▶ _DATA FOR PROCESSING_
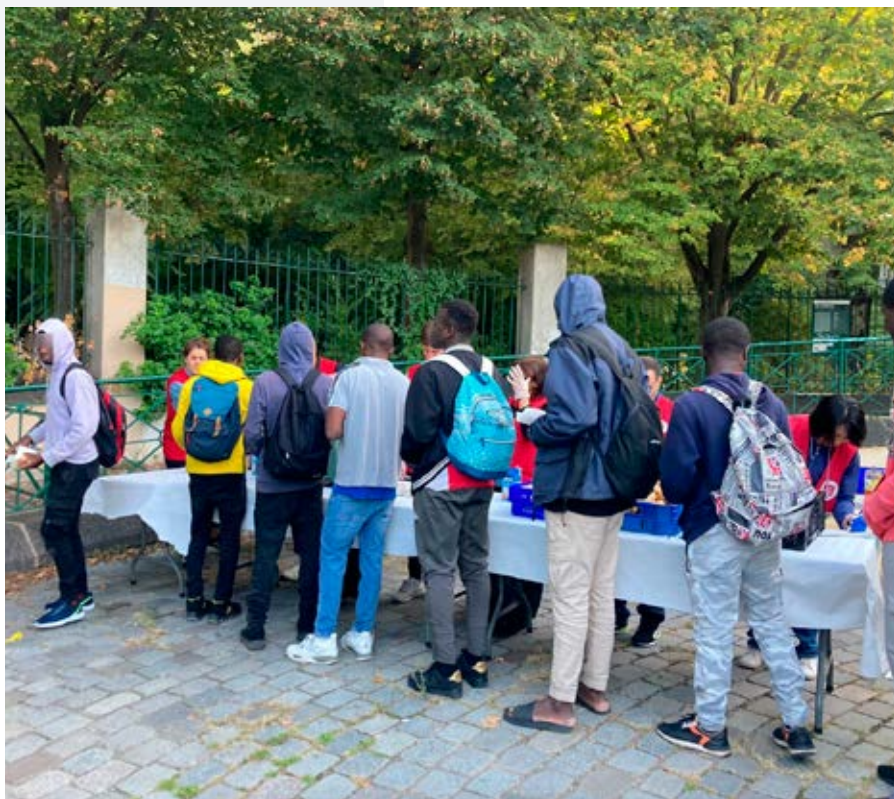
Distribution alimentaire dans un parc parisien.

Pour autant, les inquiétudes demeurent. C'est le cas, par exemple, de la « Halte
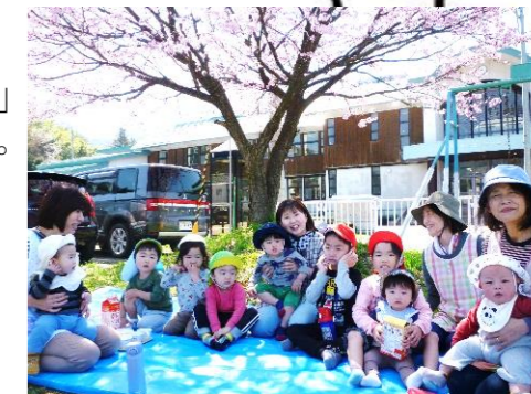
桜の木の下でおやつタイム
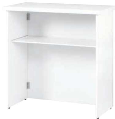
UC-900 (WH) 中棚付
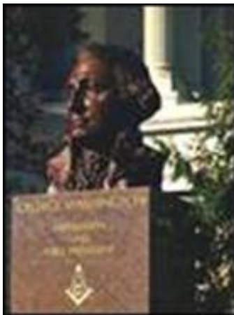
Bista jednog od najpoznatijih američkih masona, prvog predsjednika SAD Georga Washingtona, ispred prostorija masonske lože u Washingtonu

Američki Kongres nepodijeljeno podržava sintagmu o "Novom svjetskom poretku" i sa Republikanskog (pretežno uticaj francuskih masona) i sa Demokratskog (britanski masoni) kraja.
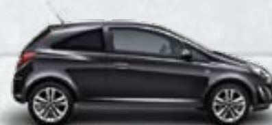
Czarny Carbon Flash
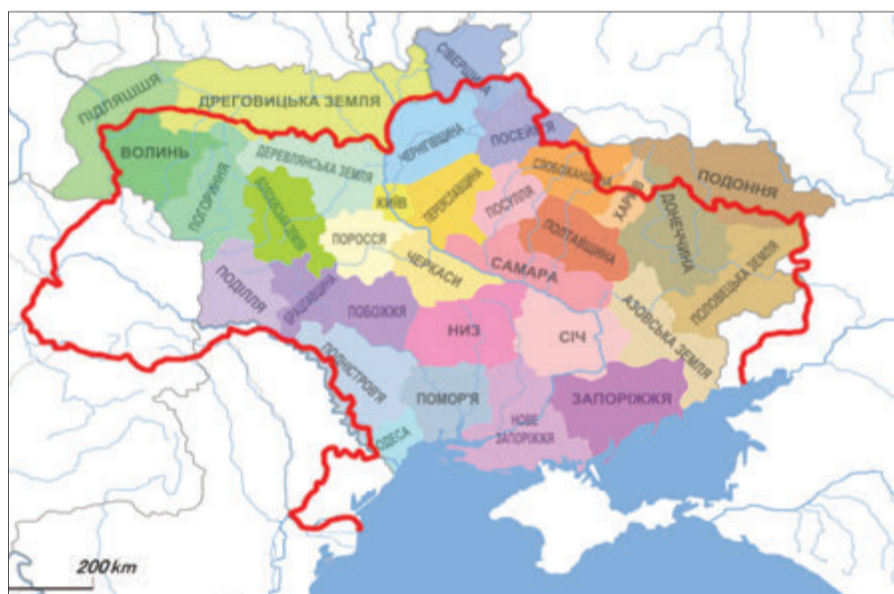
Кордони УНР не співпадають із межами сучасної держави.

Того дня Центральна Рада прийняла Закон «Про адміністративно-територіальний поділ України». Цим документом відмінили губернії та повіти,
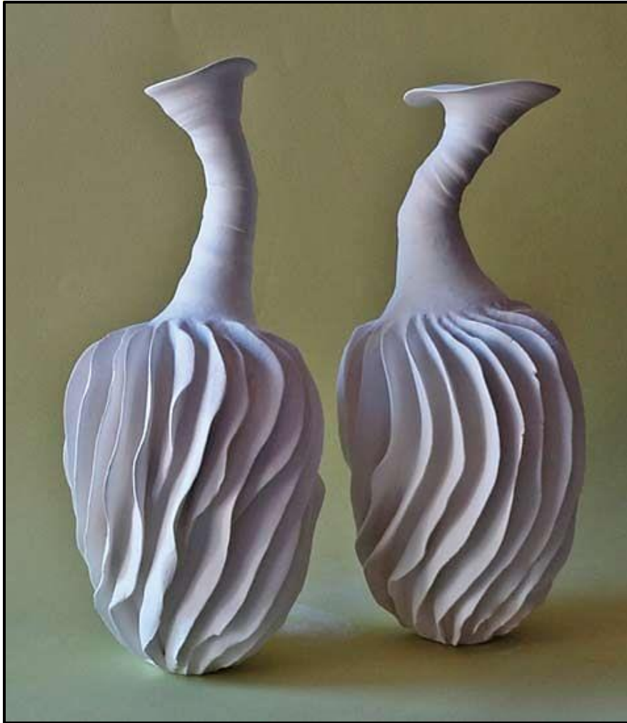
FIGUUR B: Dancing Egrets (Dansende Blouereiers) (watervoël) deur Cecilia Robinson (Suid-Afrika), c. 2012.

Analiseer die gebruik van die volgende terme met betrekking tot FIGUUR B hierbo:
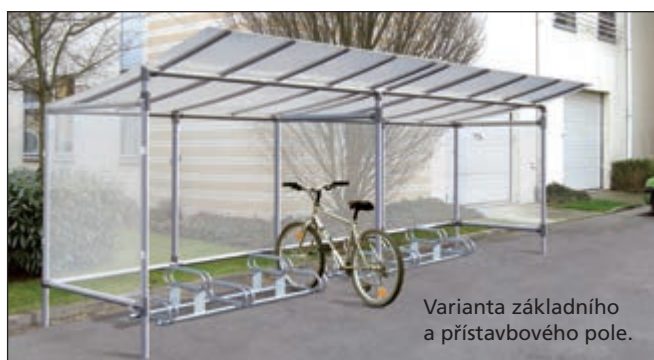
Varianta základního a přístavbového pole.

▶ _PROMPT_
Every line from the one containing "Bista jednog od" through the end of the listing is to be copied exactly; the pictures are not.

▶ _ANSWER AREA_
Bista jednog od najpoznatijih američkih masona, prvog predsjednika SAD Georga Washingtona, ispred prostorija masonske lože u Washingtonu

Američki Kongres nepodijeljeno podržava sintagmu o "Novom svjetskom poretku" i sa Republikanskog (pretežno uticaj francuskih masona) i sa Demokratskog (britanski masoni) kraja.
Czarny Carbon Flash
Кордони УНР не співпадають із межами сучасної держави.

Того дня Центральна Рада прийняла Закон «Про адміністративно-територіальний поділ України». Цим документом відмінили губернії та повіти,
FIGUUR B: Dancing Egrets (Dansende Blouereiers) (watervoël) deur Cecilia Robinson (Suid-Afrika), c. 2012.

Analiseer die gebruik van die volgende terme met betrekking tot FIGUUR B hierbo:
Varianta základního a přístavbového pole.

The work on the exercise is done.